Begin your copy at the line with "Petite Tattooed Slut" in the records below and end it at the line with "Получив на руки", restating each line word for word; omit the pictures.

**** RECORD SET ****

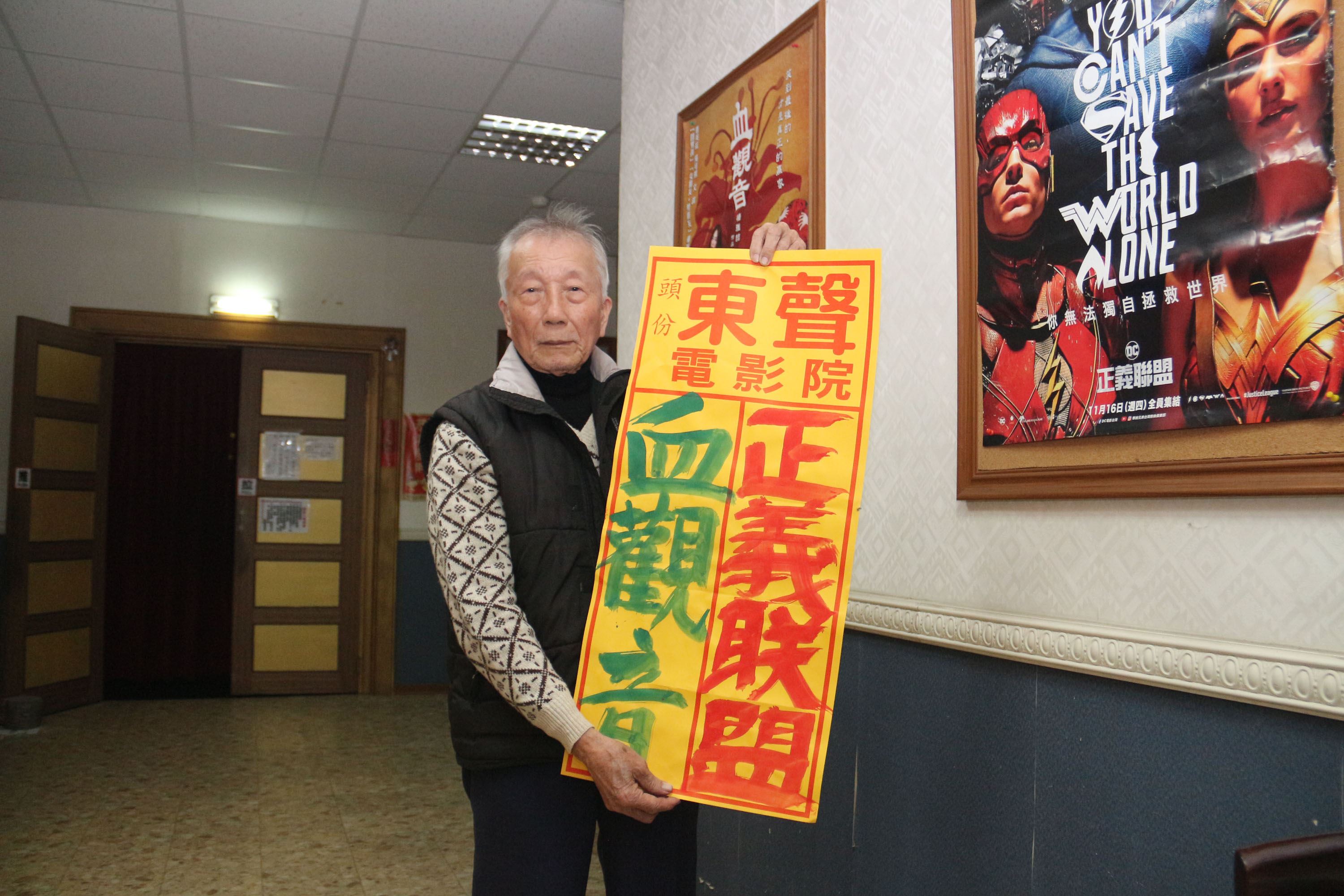此時,徐琳彬正忙著製作戲院最後一檔影片的宣傳廣告,黃色長條形壁報紙上,兩行分別以紅色、綠色顏料書寫的片名「正義聯盟」、「血觀音」,和牆上片商提供的印刷海報相比,絲毫不拐彎抹角,還多了分手寫溫度。
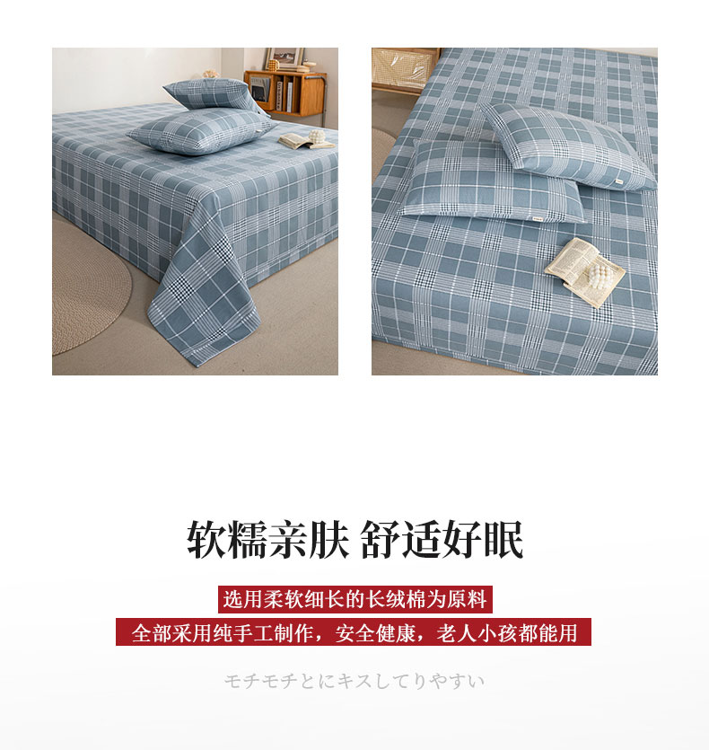 • 91家纺网 家纺一手货源 找家纺 鸣升 新款舒适透气100%全棉老粗布床单 蓝条格
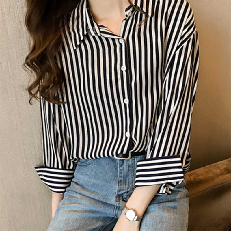 Vanessawang Korean Women Plus Size Blouse Stripe Loose Slim Casual V Collar Buttons Shirt
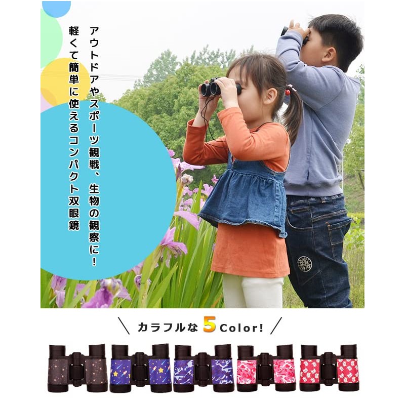 Suitcase Company GPT Binoculars for Kids, 4x Zoom Magnifier, Strap, Illustration, Cute, Compact, Observation, Small, Lightweight, Outdoor Toy, Boys and Girls, Camouflage Blue
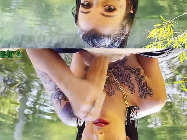 Petite Tattooed Slut Sucks Cock In Public Rainforest
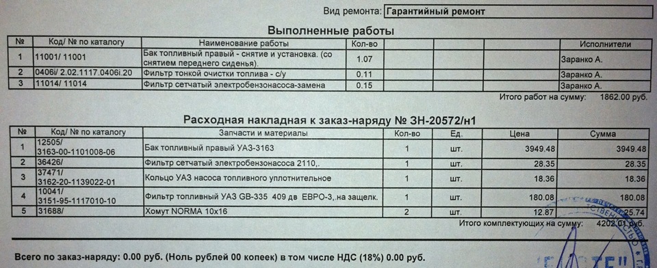 Получив на руки заказ-наряд увидел, что опять поменяли фильтр и кольцо, но цены там стояли видимо внутренние и стоят они не 214, а 47 рублей… = ))
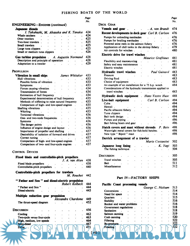 Year: 1975 Language: english Author: Jan Olof Traung Genre: Technical book Publisher: Fishing News Books Limited Format: PDF Quality: Scanned pages Pages count: 607 Description: This is the first of three volumes, covering types of boats for various fishing methods, combined fishing and research vessels, marine architecture with regard to hull shape and safety at sea, engines, propulsion systems, control devices and deck equipment, factory vessels. The books are based on the International Fishing Boat Congress of the Food and Agriculture Organization in Paris and Miami.

****

### SOLUTION
 Petite Tattooed Slut Sucks Cock In Public Rainforest
 Получив на руки заказ-наряд увидел, что опять поменяли фильтр и кольцо, но цены там стояли видимо внутренние и стоят они не 214, а 47 рублей… = ))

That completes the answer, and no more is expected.